Lymphangioma of the urethra: A case report.

A case of urethral lymphangioma is reported. The accurate diagnosis depends on pathological examination. The patient was a 49-year-old man with symptoms of gross hematuria, frequent urination, urgency and pain. Underwent cystoscopic tumor resection. The pathological diagnosis was urethral lymphangioma. Four months after the operation, the patient had no symptoms.

Introduction

Benign urethral tumors are rare in men. Lymphangioma is a benign tumor, which can be seen in skin, mucosa and subcutaneous tissue, and is rare in other parts. They are mainly represented by polyps, which may be congenital or postnatal. Conservative treatment is generally recommended for lymphangiomas. However, if symptoms appear, urethral lymphangiomas need surgical treatment. Hence, we present a case of urethral lymphangioma and discuss its history and treatment.

Case report

The patient is a 49-year-old adult male. He was admitted to urology surgery because of gross hematuria in the whole process. The patient has frequent urination, more than 10 times a day, less urine, about 50ml each time. He has urgent urination and feels urethral orifice pain when urinating. Urine cytology confirmed hematuria. Urine bacteriological examination was negative. Urinary colour B-ultrasound and urinary CT enhancement only suggest small renal cysts and prostate calcification. Transurethral cystoscopy revealed an oval cicatricial tumor in the posterior urethra, with a size of 0.3 * 0.2 * 0.1cm. The bladder is normal. After the posterior urethral biopsy, it was seen under the microscope that the lesion was composed of large and thin-walled cavities or channels, which contained eosinophils (lymph) and few or no red blood cells.
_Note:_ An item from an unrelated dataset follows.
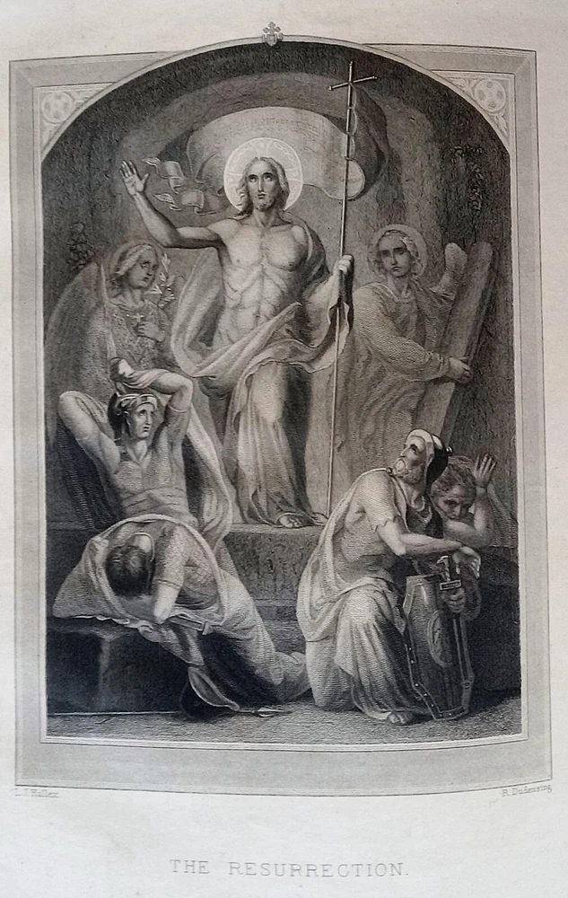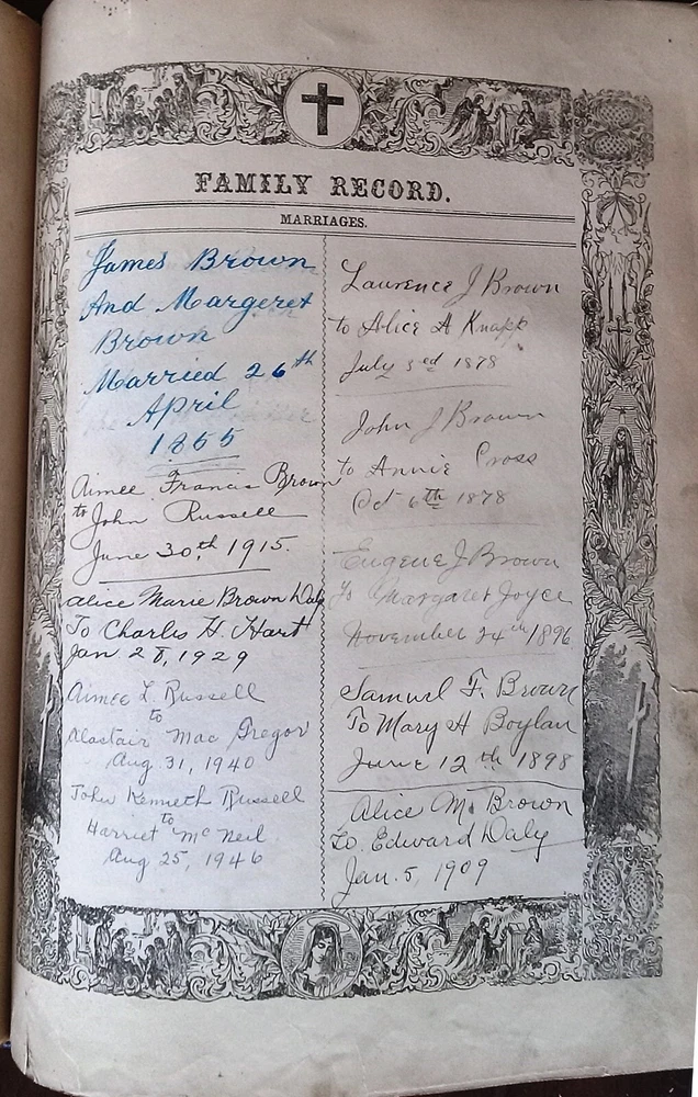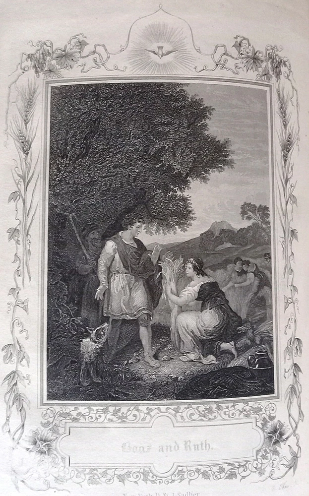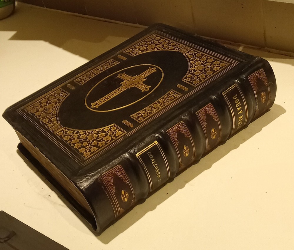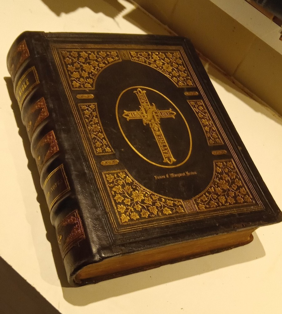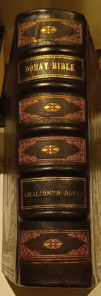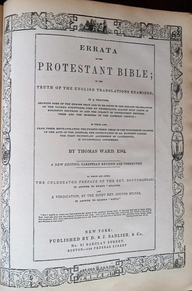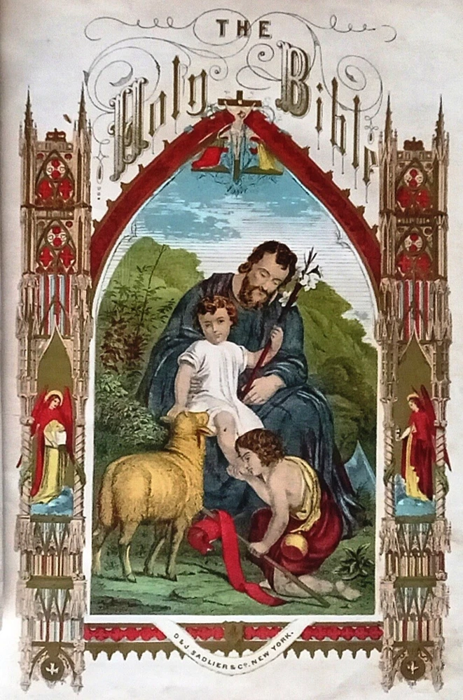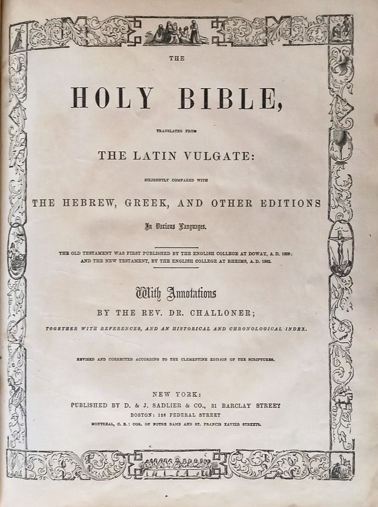 The / Holy Bible, /Translated from / the Latin Vulgate: / Diligently Compared with / the Hebrew, Greek and Other Editions / in Various Languages. / The Old Testament Was First Published at Doway A.D. 1609: / and the New Testament, by the English College at Rheims, A.D. 1582. / With Annotations / by the Rev. Dr. Challoner; / together with References, and an Historical and Chronological Index. / Revised and Corrected according to the Clementine Edition of the Scriptures. / New York: / Published by D. & J. Sadlier & Co., 31 Barclay Street / Boston: 128 Federal Street / Montreal, C.E.; Cor. Of Notre Dame and St. Francis Xavier Streets [ca. 1874]. Large imperial quarto (13’ x 10”) Family Bible with Ward’s Errata of the Protestant Bible included at the end. Fine binding in full leather. Original covers with ornate gilt tooling. Later matching spine in six gilt panels offset by raised bands. Extra illustrated edition: engraved frontispiece and extra illuminated title to Old Testament, two engraved frontispieces to New Testament, plus 38 additional full page engraved plates. All pages surrounded by ornamental border. All edges gilt. Family pages filled in. Otherwise, no writing or underlining. Corners lightly bumped. Leather loss at extremities. Soiling to endpapers and a few small marginal tears not affecting text. Interior shows signs of age with browning and occasional spotting. 793; 228; & 118 pp. including tables. Large, heavy book.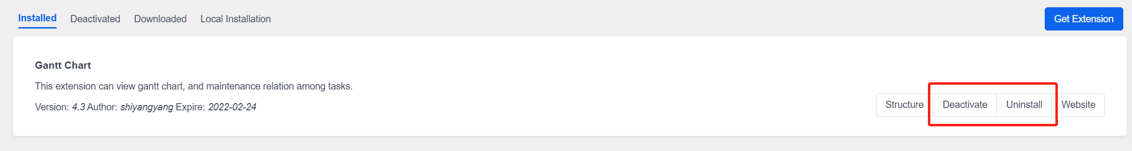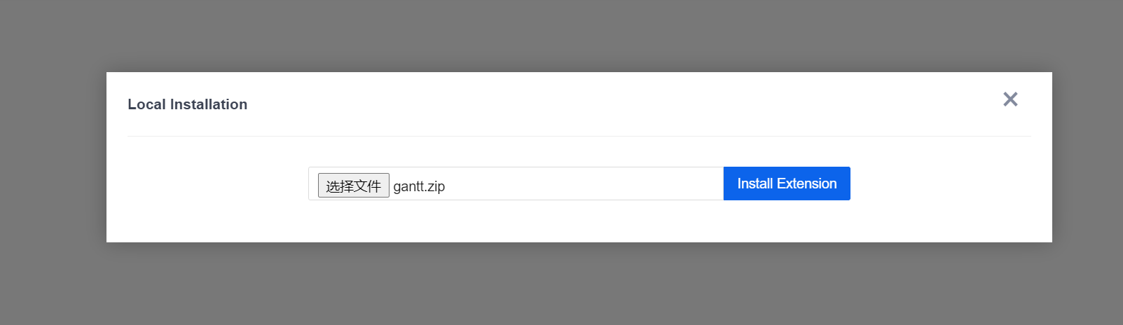 1). Take installing the "Gantt Chart" Extension as an example. Click "Extension" - "Local Installation" and select the extension package. Click "Install Extension".

The inner wall of the vascular channel shows a relatively wide endothelial nucleus. These channels have no muscle layer around the endothelial lining and are separated by fibrous tissue bands. A small amount of prostate tissue can be seen at the cutting edge (Fig. 1). So we got the diagnosis of urethral lymphangioma. Two days later, hematuria disappeared. The transabdominal and transrectal combined colour B-ultrasound and cystoscopy after April were normal. At present, the patient has no symptoms.

(Fig. 1)

These channels have no muscle layer around the endothelial lining and are separated by fibrous tissue bands. A small amount of prostate tissue can be seen at the cutting edge.

Discussion

Benign tumors of the male urethra are very rare., They are papillary or polypoid., Urethral polyps are generally congenital. They can be located in the posterior urethra, anterior urethra and even bladder. Lymphangiomas are usually children's tumors that occur in the skin or subcutaneous stroma and are known for recurrence. Only two cases described urethral lymphangioma. One case showed hematuria and the other showed urethral stricture., Endoscopic resection was performed in both cases. Lymphangioma is a congenital malformation of unknown origin, which can be caused by the loss of connection between lymph nodes and the normal venous system. The histological characteristics of lymphangioma are the proliferation of blood vessels around the cystic structure, no junction, and the lymphoid structure is basically mature. The cystic cavity surrounded by a layer of epithelial flat cells looks like normal lymphoid epithelium.1, 2, 3, 4, 5。

Conclusion

Since lymphangioma is very rare in the urethra, it presents as urinary tract stenosis and urethral stricture. Although the recurrence rate of lymphangioma is very high, it can be treated under endoscopy. Even if it relapses again, the diagnosis and treatment are not difficult.